If this goal of matching the timing of cash flows is accomplished, then at every point in time, with more education, students will have more cash at their disposal.  The boost to earnings from education will more than cover student loan debt service payments, and the initial borrowing will enable students to maintain a decent lifestyle while pursuing studies instead of working full time. (For a discussion of the advantages of leveraged investments early in life, see Ayers & Naelbuff).

That is one important reason why federal student loans can be repaid over 25 to 30* years (so-called “extended” repayment).  Plans are available under which monthly payments start low and increase over time to match the typical trajectory of lifetime earnings (“graduated” or “graduated extended” repayment), or in which payments dynamically adjust up and down with actual borrower earnings (if earnings fall below a certain level) to better match cash flows (“income-contingent” or “income-based” repayment).

Because these extended and income adjusted plans are better tailored to the purpose of student loans—matching positive and negative cash flows—one of these plans should be the default option for student borrowers instead of the now “standard” 10-year repayment period.  10-years to pay for an education that provides benefits over 40 years makes little sense.  For law graduates, real earnings typically continue to grow for 30 years after graduation.

 

* Consolidated loans can be repaid over 30 years, but some consolidated loans may not be eligible for income based repayment plans.

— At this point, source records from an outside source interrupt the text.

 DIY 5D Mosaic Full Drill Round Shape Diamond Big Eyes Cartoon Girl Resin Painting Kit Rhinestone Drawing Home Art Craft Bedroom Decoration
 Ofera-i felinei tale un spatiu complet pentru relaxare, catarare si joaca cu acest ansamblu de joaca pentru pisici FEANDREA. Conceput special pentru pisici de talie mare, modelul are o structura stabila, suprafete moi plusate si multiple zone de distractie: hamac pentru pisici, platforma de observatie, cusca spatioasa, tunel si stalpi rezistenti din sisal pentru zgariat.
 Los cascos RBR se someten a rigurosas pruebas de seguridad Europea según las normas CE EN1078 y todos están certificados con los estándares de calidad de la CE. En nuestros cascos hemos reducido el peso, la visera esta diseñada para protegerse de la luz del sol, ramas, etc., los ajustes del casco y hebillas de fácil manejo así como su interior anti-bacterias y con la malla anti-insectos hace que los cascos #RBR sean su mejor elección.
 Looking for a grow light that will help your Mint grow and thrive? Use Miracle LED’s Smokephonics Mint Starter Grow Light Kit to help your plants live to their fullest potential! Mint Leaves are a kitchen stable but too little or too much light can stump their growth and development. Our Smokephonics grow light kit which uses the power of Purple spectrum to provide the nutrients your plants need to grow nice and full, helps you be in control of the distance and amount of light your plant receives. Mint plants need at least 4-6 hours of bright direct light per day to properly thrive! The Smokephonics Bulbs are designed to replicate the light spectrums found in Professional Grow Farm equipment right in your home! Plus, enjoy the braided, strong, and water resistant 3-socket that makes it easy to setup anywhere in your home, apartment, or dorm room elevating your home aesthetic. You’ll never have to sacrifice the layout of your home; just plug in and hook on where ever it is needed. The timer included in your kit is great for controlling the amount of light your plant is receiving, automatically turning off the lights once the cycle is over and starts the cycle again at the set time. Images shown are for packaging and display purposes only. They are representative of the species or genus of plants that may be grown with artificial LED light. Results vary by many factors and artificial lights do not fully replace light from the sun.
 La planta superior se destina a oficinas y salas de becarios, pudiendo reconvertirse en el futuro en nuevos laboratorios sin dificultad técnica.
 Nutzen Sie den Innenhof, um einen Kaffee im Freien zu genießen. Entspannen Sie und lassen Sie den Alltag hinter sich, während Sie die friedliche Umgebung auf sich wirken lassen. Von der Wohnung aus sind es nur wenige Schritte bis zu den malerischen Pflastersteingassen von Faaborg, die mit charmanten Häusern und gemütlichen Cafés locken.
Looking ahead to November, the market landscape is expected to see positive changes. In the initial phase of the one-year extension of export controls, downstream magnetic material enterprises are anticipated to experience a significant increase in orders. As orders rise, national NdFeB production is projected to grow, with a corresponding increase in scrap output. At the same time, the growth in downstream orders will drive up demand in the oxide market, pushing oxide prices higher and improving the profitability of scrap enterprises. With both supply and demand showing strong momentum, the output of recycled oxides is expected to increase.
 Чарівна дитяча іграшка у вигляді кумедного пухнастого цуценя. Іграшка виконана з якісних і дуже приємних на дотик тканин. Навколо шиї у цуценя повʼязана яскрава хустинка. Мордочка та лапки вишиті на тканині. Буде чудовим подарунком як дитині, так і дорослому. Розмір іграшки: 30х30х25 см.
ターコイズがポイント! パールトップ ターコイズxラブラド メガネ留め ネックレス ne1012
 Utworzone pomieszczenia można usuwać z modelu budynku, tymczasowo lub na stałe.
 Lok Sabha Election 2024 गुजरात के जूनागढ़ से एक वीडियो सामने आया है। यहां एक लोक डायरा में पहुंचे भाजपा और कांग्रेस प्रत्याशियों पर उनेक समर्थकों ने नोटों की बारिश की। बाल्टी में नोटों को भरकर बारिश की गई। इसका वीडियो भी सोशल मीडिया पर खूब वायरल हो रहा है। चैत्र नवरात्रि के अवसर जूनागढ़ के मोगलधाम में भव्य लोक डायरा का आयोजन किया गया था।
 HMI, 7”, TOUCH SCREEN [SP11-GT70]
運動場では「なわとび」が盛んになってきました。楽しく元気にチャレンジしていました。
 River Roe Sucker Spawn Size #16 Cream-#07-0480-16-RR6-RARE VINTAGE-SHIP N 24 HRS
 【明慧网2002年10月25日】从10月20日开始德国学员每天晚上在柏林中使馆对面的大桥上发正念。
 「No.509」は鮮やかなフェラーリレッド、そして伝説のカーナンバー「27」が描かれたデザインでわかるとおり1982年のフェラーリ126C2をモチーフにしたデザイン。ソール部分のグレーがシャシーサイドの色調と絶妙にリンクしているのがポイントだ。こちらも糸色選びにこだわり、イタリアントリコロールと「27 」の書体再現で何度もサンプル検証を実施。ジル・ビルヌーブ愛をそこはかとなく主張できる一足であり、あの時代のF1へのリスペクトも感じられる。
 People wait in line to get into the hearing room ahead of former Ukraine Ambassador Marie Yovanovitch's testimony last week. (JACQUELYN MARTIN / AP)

Paying loans back slower typically will not affect the economic value of education, notwithstanding the fact that nominal interest payments will increase.  Paying loans back faster or slower typically will not affect the economic value of education as long as two conditions are met: 

  1. Interest rates remain unchanged regardless of whether a loan is repaid over 10 or 30 years (this is the case for federal student loans, but not for mortgages or most other debt instruments most of the time)
  2. The interest rate on student loans is appropriate, in that it matches up with default and loss risk levels for lenders, the opportunity cost of capital, and time preferences.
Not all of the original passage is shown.